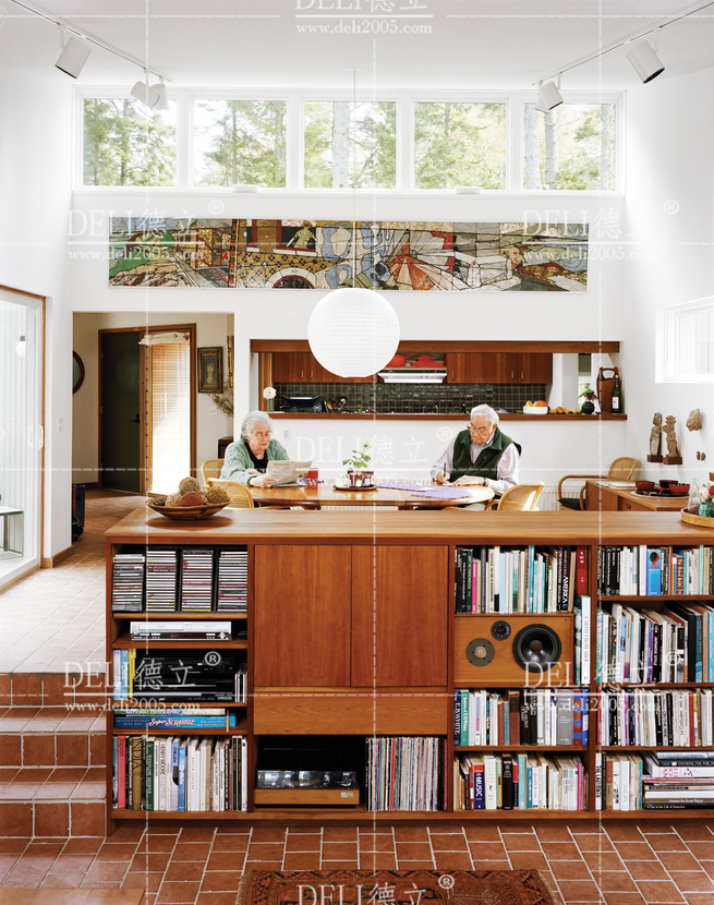 Peter Cohen做了將近50年的建筑師之后,他為自己和妻子Sally設(shè)計了一個新家,坐落在美國緬因州的埃爾斯沃思。夫妻兩人坐在餐廳,下邊就是客廳,上邊的窗戶是遙控的。
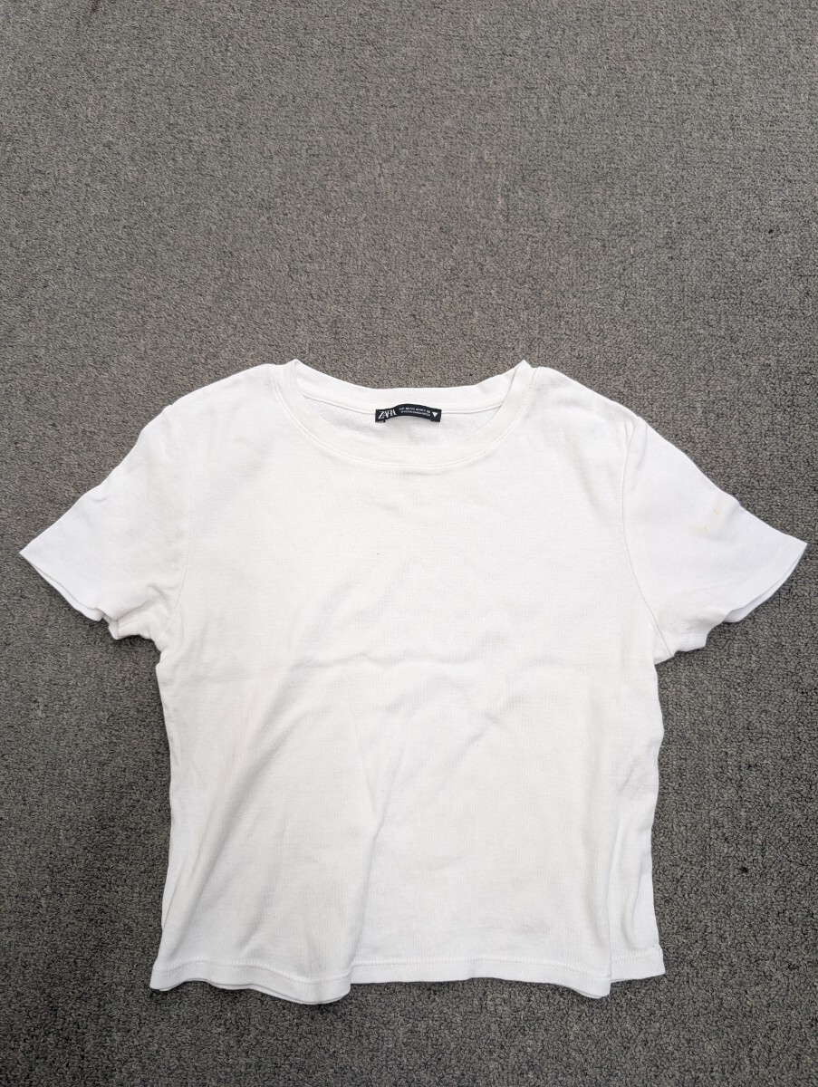 - 【ZARA ホワイト 半袖 Tシャツ Mサイズ】ト リブカットソー 古着 ザラ 半袖 Tシャツ カットソー ホワイト
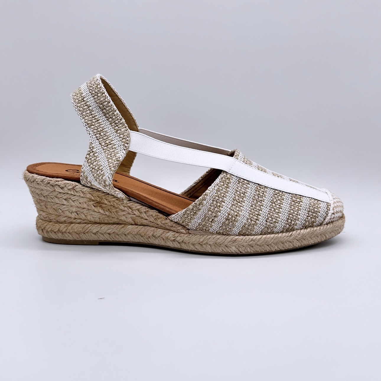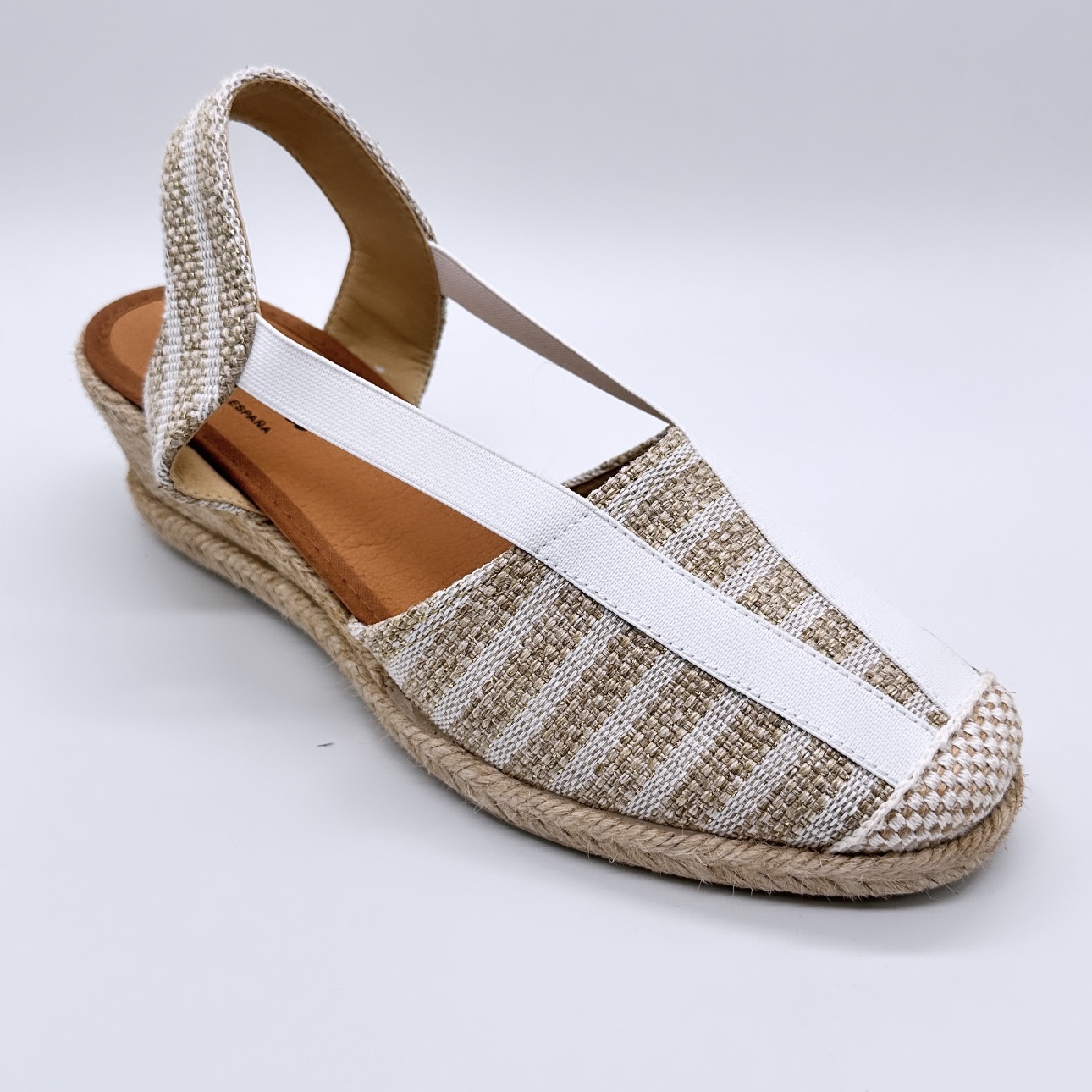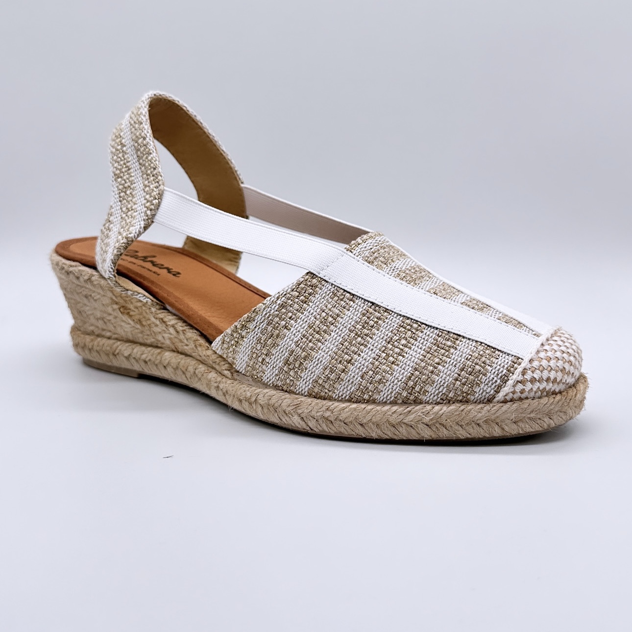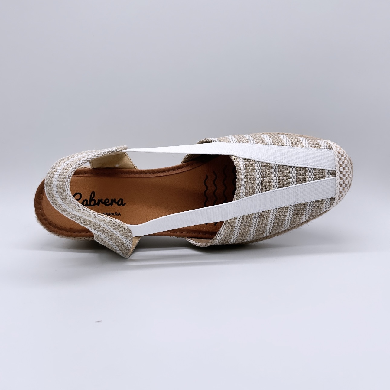 Cuña de Cabrera en lona color beige y dorado con goma para ajustar al pie en color beige. Plantillas de piel y suela de goma muy ligera y flexible. 100% fabricadas en España.

■ Assignment
Where pictures occur in the material above, omit them and return everything else exactly.

■ Exercise result
 Peter Cohen做了將近50年的建筑師之后,他為自己和妻子Sally設(shè)計了一個新家,坐落在美國緬因州的埃爾斯沃思。夫妻兩人坐在餐廳,下邊就是客廳,上邊的窗戶是遙控的。
 - 【ZARA ホワイト 半袖 Tシャツ Mサイズ】ト リブカットソー 古着 ザラ 半袖 Tシャツ カットソー ホワイト
 Cuña de Cabrera en lona color beige y dorado con goma para ajustar al pie en color beige. Plantillas de piel y suela de goma muy ligera y flexible. 100% fabricadas en España.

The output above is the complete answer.